= Beginning of Section =

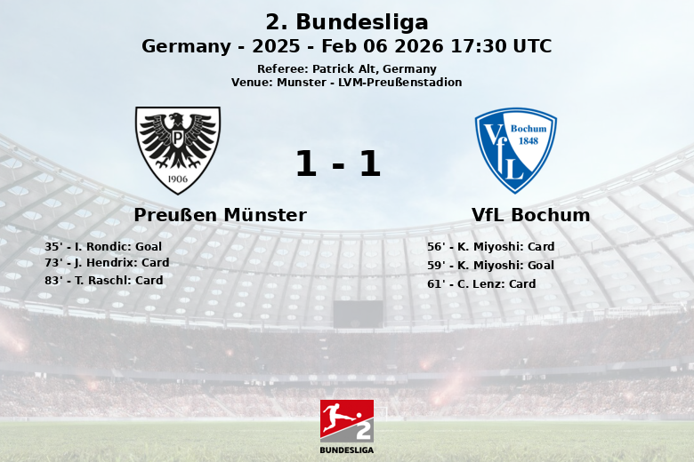 Munster, Alemania – El LVM-Preußenstadion fue testigo de un emocionante empate entre el Preußen Münster y el VfL Bochum en la jornada 21 de la 2. Bundesliga. El partido, disputado el 6 de febrero de 2026, finalizó con un marcador que reflejó la intensidad y la lucha en el campo.
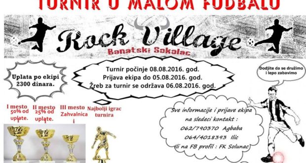 Turnir u malom fudbalu u Banatskom Sokolcu 27.07.2016 Turnir u malom fudbalu u Banatskom Sokolcu Prijave za turnir do 05 08 2016 godine. Svi ste pozvani ! 2016-07-27 admin tweet
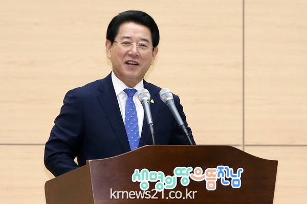 김영록 전남도지사가 5일 오전 도청 왕인실에서 모범공무원을 시상, 인사말하고 있다.
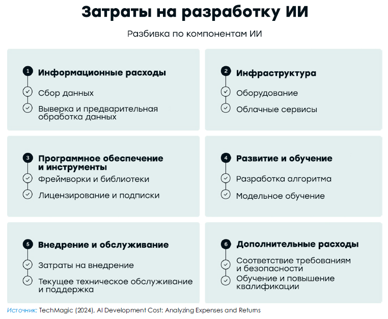 Источник: TechMagic (2024), AI Development Cost: Analyzing Expenses and Returns
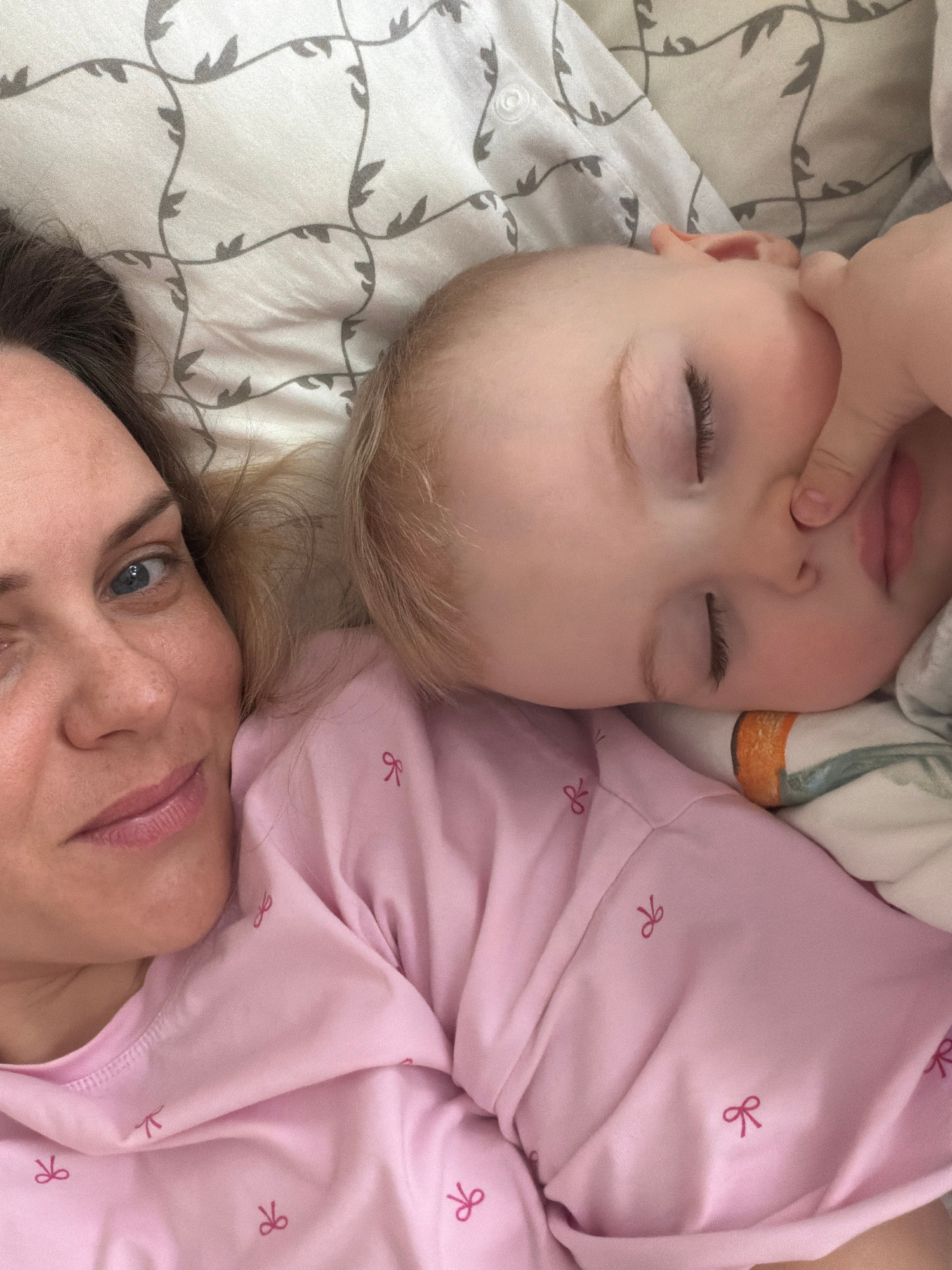 A woman and a young child are lying on a bed. The woman, positioned at the bottom of the frame, has her head tilted towards the camera, revealing part of her face. She has light skin, blondish-brown h…read more
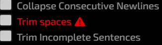 >>1414362 А нахуя? Хотя вот ты сказал, я залез и у меня там вот такая красная надпись, написано что отключать это не рекомендуется, а у меня было отключено. Кто знает что это за хуйня trim spaces? В доках таверны про это нихуя нет. Пусть и дальше будет выключено или включить?

= End of Section =

*Exercise directions*
Repeat the records in full, exactly as they appear, but with the pictures removed.

*Solved problem*
 Munster, Alemania – El LVM-Preußenstadion fue testigo de un emocionante empate entre el Preußen Münster y el VfL Bochum en la jornada 21 de la 2. Bundesliga. El partido, disputado el 6 de febrero de 2026, finalizó con un marcador que reflejó la intensidad y la lucha en el campo.
 Turnir u malom fudbalu u Banatskom Sokolcu 27.07.2016 Turnir u malom fudbalu u Banatskom Sokolcu Prijave za turnir do 05 08 2016 godine. Svi ste pozvani ! 2016-07-27 admin tweet
 김영록 전남도지사가 5일 오전 도청 왕인실에서 모범공무원을 시상, 인사말하고 있다.
 Источник: TechMagic (2024), AI Development Cost: Analyzing Expenses and Returns
 A woman and a young child are lying on a bed. The woman, positioned at the bottom of the frame, has her head tilted towards the camera, revealing part of her face. She has light skin, blondish-brown h…read more
 >>1414362 А нахуя? Хотя вот ты сказал, я залез и у меня там вот такая красная надпись, написано что отключать это не рекомендуется, а у меня было отключено. Кто знает что это за хуйня trim spaces? В доках таверны про это нихуя нет. Пусть и дальше будет выключено или включить?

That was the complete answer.